How does a retirement account work? how how does my money grow by investing in a retirement account?

I know that once I invest money in a retirement account I can't touch it unless it's for emergencies but I would like to know how does my money grow in this type of account and how soon can I see results?
How does a retirement account work? how how does my money grow by investing in a retirement account?
When you are investing, you have to invest for the long term to see any results. In the beginning years, you may be quite emotional to the market fluctuations. If market went down, the value of your portfolio went down. Your natural response would be, "I lost money." But the fact is you haven't lost or gain any money because you didn't touch your money. How your portfolio performs depends on these factors:


1) What is your average price per share compare to current price per share?


2) How long have you had the investment?


3) Dividends and capital gains payout (if any)


4) Type of investment. Are you invested in conservative funds or large growth funds? If you want higher growth, you need to be willing to accept higher risks.


5) How disciplined are you? Are you going to pull out when the stock market is down or are you going to stay in and continue to invest?
Reply:There are many times.





The common denominators is tax advantaged savings.





Either tax deferred or tax free gains.





A 401K is a company sponsered account, and they often do a match of some contributions.





A traditional IRA is a has tax deffered gains


A Roth IRA has tax free gains.





Most financial institutions will let you start an IRA with them. I use Scottrade and invest in mutual funds and stocks.





Company 401Ks are usually limited to the investments the company has to offer.





Most banks have limited investments also.





I have a small Roth IRA at my bank, that keeps my minimum balance so I can get all the freebies. It does not earn much, but I get free safe deposit box, free checks and free money orders because of it. It is just in a money market CD that only makes 3.5%, but I gain 10 times that in freebies.





My particular bank, has very "expensive" mutual funds that I will not buy because it would be dumb.
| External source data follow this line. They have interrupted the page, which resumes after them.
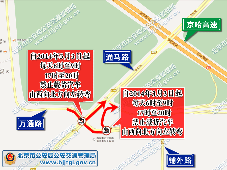 为保证通州区台湖地区的交通安全与畅通,根据《中华人民共和国道路交通安全法》的有关规定,决定自2014年3月3日起,通州区通马路与万通路相交路口、铺外路与京哈高速公路匝道交叉口,每天6时至9时、17时至20时,禁止载货汽车由西向北方向左转弯。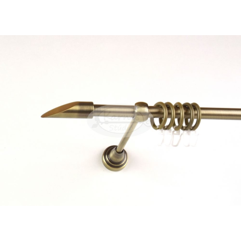 A DETROIT óarany színű 240 cm-es, 1 rudas fém karnis szett tartalma: 1 db 240 cm-es óarany színű, 16 mm átmérőjű fém karnisrúd 2 db Detroit típusú óarany színű fém karnis végzáró 3 db falra szerelhető fém konzol 24 db óarany színű műanyag függönykarika r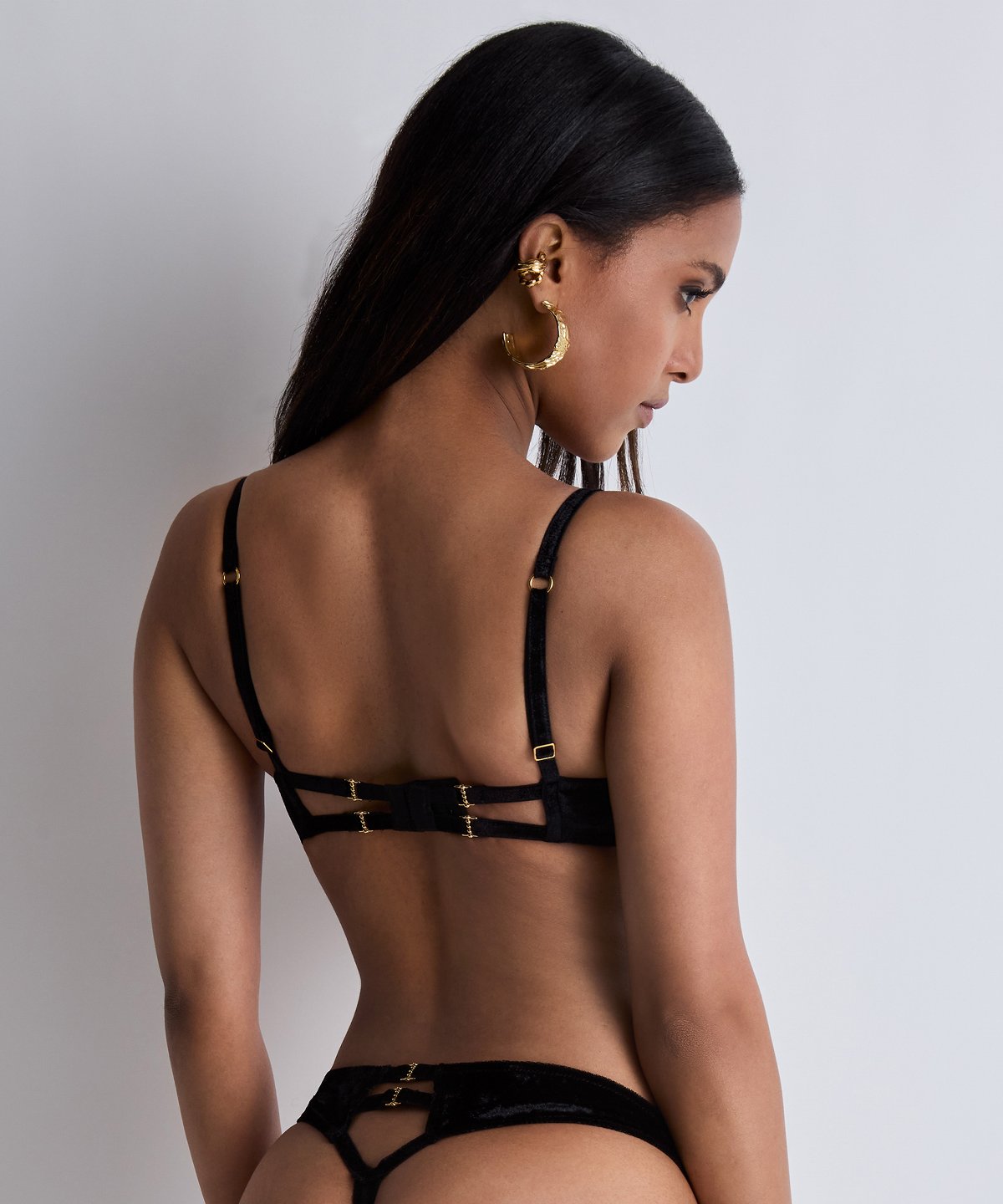 Pensé pour offrir un effet discret sous les vêtements, le tanga The night before associe l’élégance d’une dentelle sexy aux motifs modernes devant au confort d’un velours brillant, résolument tendance, dans le dos. Sur les côtés, des touches dorés précieuses mettent subtilement en valeur les hanches et allongent la jambe.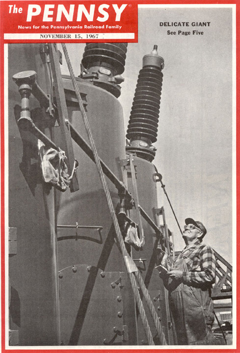 Henry A. Zukackas, car inspector at Kinsman Street Yard, Cleveland, checks bracing on a delicate load, circuit breaker.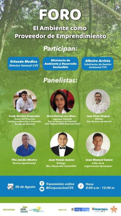 La Ventanilla de los Negocios Verdes de la CVS te invita a participar en el foro “El Ambiente como Proveedor de Emprendimiento” un espacio que busca socializar la Estrategia Nacional de Emprendimiento Verde con instituciones, negocios y actores del territorio que le apuestan a la economía sostenible como pilar de la reactivación económica verde.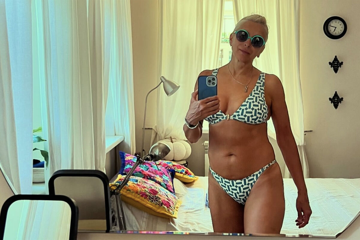 61-летняя Алена Свиридова показала фигуру в крошечном пестром бикини. Образ дополнили солнцезащитные очки с круглой голубой оправой. Волосы она собрала и предпочла остаться без макияжа. Фотографию она сделала в зеркале во время отдыха в Сочи.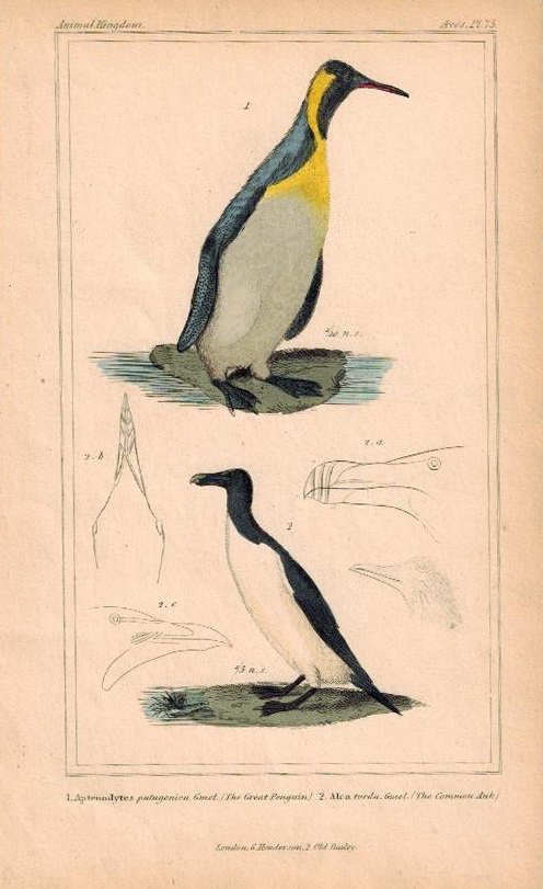Старинная гравюра «Пингвины» знаменитого издания «Царство животных» Жоржа Кювье. Раскрашенная вручную. 1837 год. Размер листа: 22х13 см.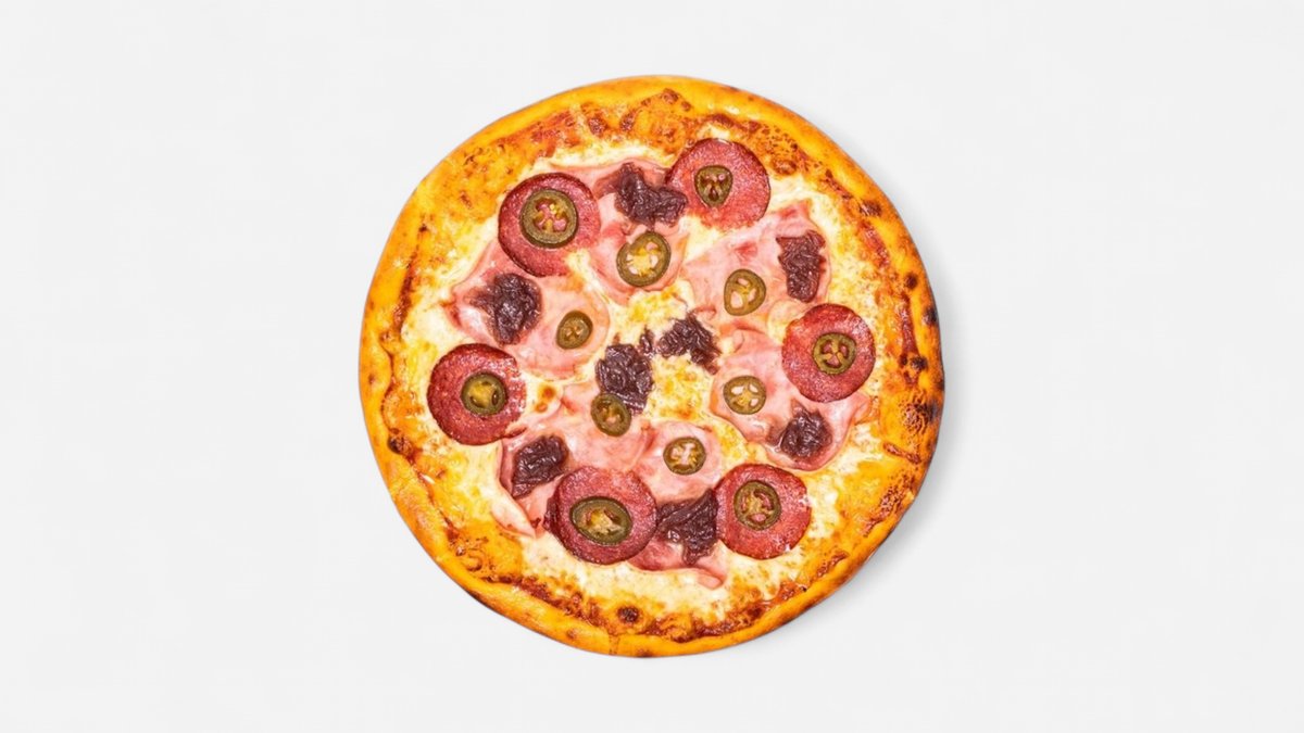 paradajkový alebo smotanovo-syrový základ, 1/2 syr Mozzarella, 1/2 syr Eidam, saláma, slanina, jalapeňos, hranolky 550 g / obsahuje: 1, 7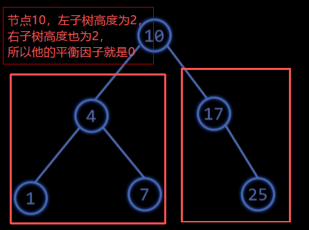 依次类推,节点17,左子树没有,所以左子树高度就是0,右子树高度为1,所以节点17平衡因子就是-1,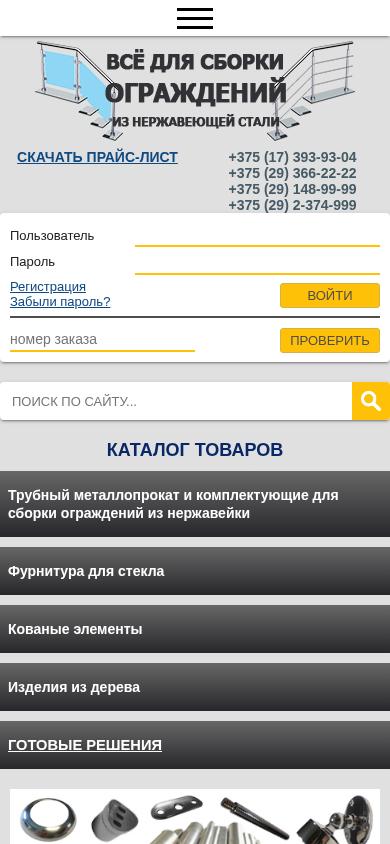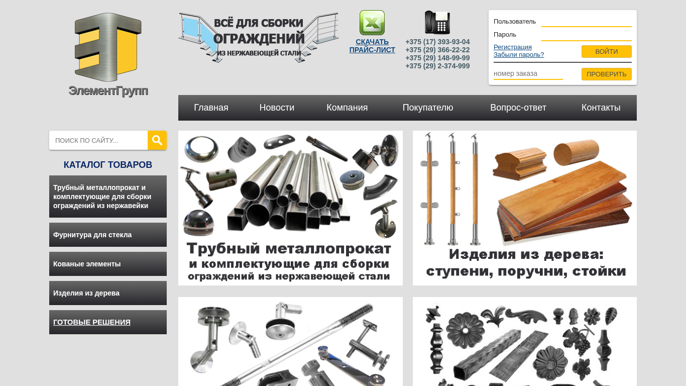 | AI-анализ | This website, titled "ЭлементГрупп - Элементы для металлоконструкций" (Elements Group - Elements for Metal Constructions), is a Belarusian domain dedicated to selling components for metal structures. The description mentions various types of elements, including those for ogradings, decorative ones, and those for transport and storage of non-ferrous metals. The company offers a price list and contact information, including phone numbers and a user registration page with a password feature. The homepage includes a menu with sections for news, company information, ready-made solutions, and a catalog of products. The catalog covers various types of tubular metal profiles and fittings for metal structures, as well as decorative items made of metal and wood. Some products are available with laser-cut designs. The company also offers a three-month payment plan using the Halka credit card from |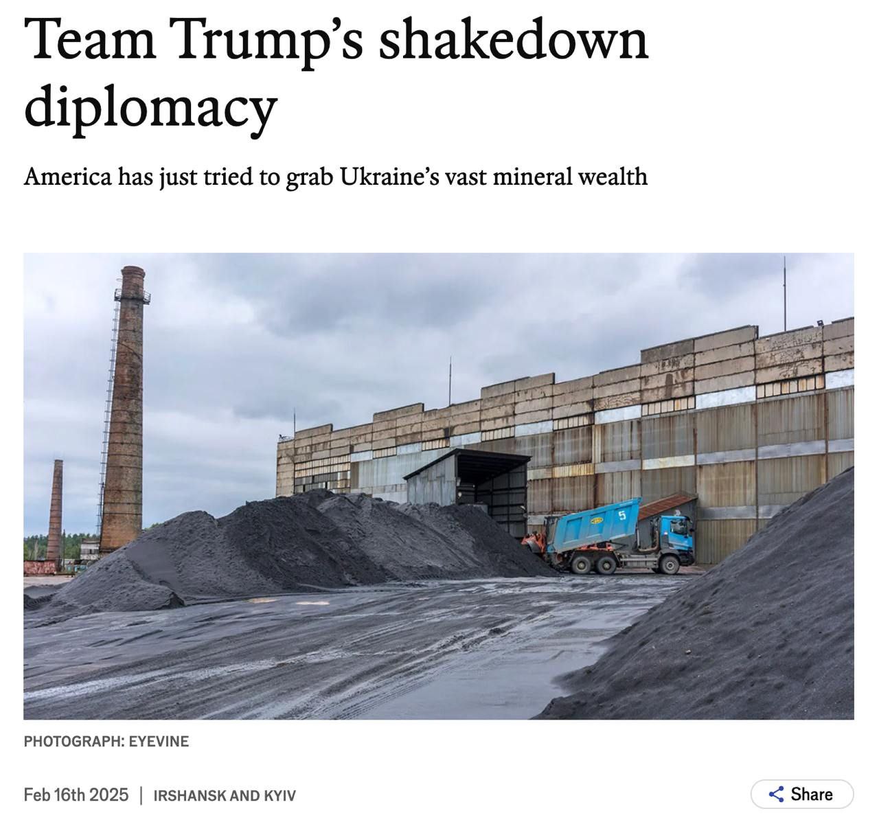 Министр финансов США Скотт Бессант в ходе визита в Киев дал Зеленскому всего час на подписание американского меморандума с требованием "передать США все минеральные богатства страны", сообщает The Economist со ссылкой на источники. При этом украинский президент вообще рассчитывал обсудить продолжение финансовой поддержки. В итоге Зеленский отказался подписывать документ и перенес обсуждение на Мюнхенскую конференцию. Там американцы снова надавили, потребовав от Украины пообещать «500 млрд долларов» природных ресурсов за уже переданную военную помощь. К концу субботы украинская команда договорилась об отсрочке исполнения и согласилась начать процесс переговоров. А Зеленский на пресс-конференции в Мюнхене заявил, что Украина не хочет подписывать документ без гарантий безопасности со стороны США. Ранее о жесткой позиции Бессанта в Киеве сообщало и The Washington Post.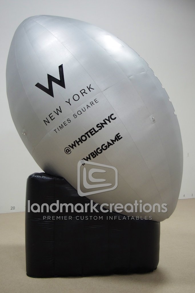 The W Hotel in Times Square inflated this silver football for Super Bowl XLVIII. The giant football replica attract attention and was a fun photo opportunity for guests staying at the hotel!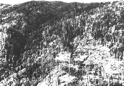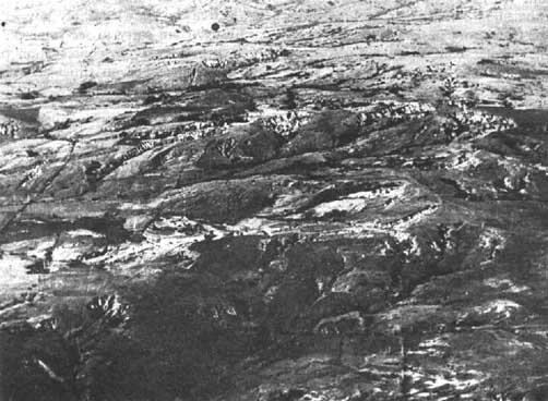 Hace algunos años el Oficial Forestal Regional de la FAO en América Latina utilizó este grupo de fotografías para ilustrar a los ministros y otros funcionarios gubernamentales interesados en problemas de aprovechamiento de sierras lo que sucede cuando en el medio ambiente hay presiones demográficas, incendios y erosiones. En la Figura 1 puede verse un bosque natural y no ordenado, con el retraimiento de su lindero. En la Figura 2 se reproduce una visión más amplia del mismo bosque, pudiéndose apreciar la forma en la que se propaga la erosión por las laderas escarpadas. La Figura 3 reproduce el mismo lugar cinco años después. En la Figura 4 puede apreciarse una zona adyacente, con suelo similar; cabía predecir un proceso, que ya ha comenzado, de transformación en desierto.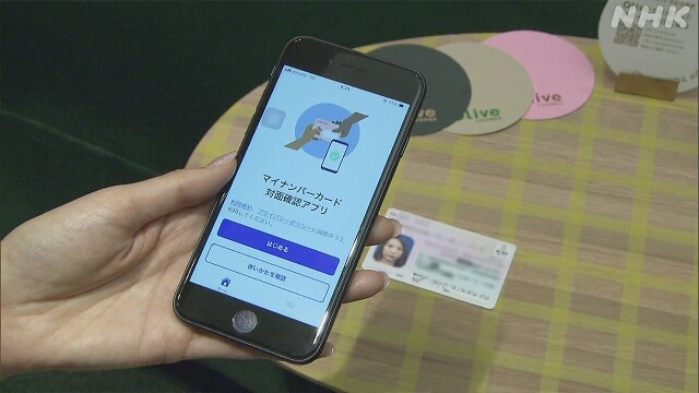 アプリを入れたスマホのカメラで、カードに記載された生年月日などの情報を読み取ったあと、スマホをさらにカードに近づけてかざすと、カードに内蔵されたICチップの情報と照合し、本物かどうかを判別してくれる仕組みです。
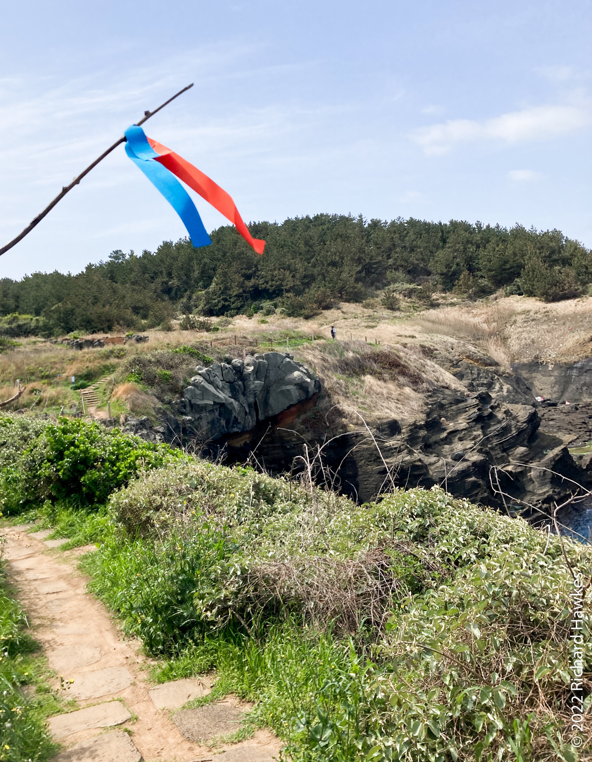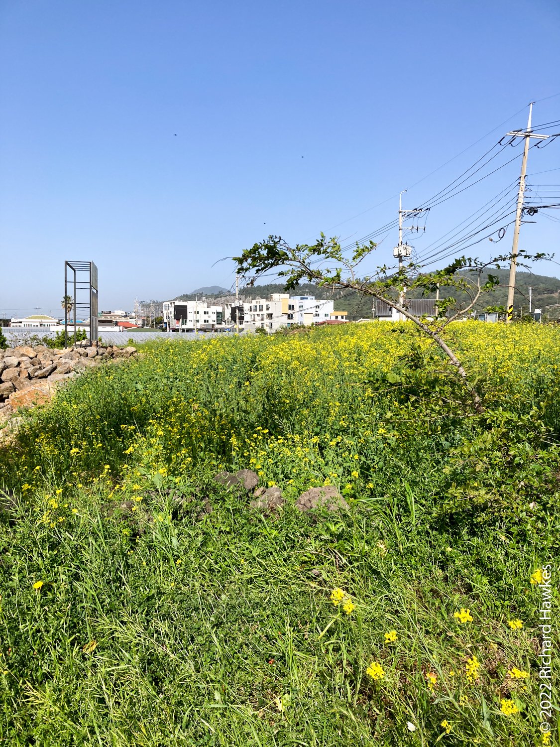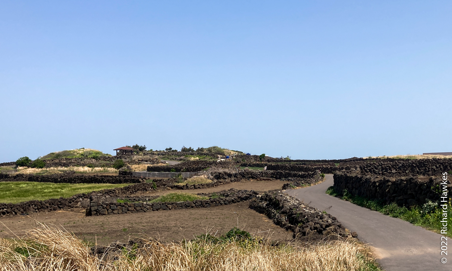 There was a lot of forest and rocky coast, very beautiful and a bit hilly. I was taking a break about every hour or so. The trail turned inland a bit and through farmland that contained a few historical sites related to the occupation of Korea, WWII, and the aftermath; there was an Imperial Japanese airfield with bunkers and aircraft hangers. There was also the site of the place where the UN forces had buried the residents of Jeju killed by them during the Jeju uprising.

A great book, that helped me, is "More Wealth without Risk" by Charles Givens. You can find it at any library.
Reply:Your money goes into a special pension fund managed by a professional investment expert, who invests it in the stock market.. You also get some tax back, so it becomes cheaper. When you retire, the fund manager buys an annuity for you, which gives you a guaranteed income for life. The size of the pension will depend on how well the manager has performed. So there is a large element of luck involved.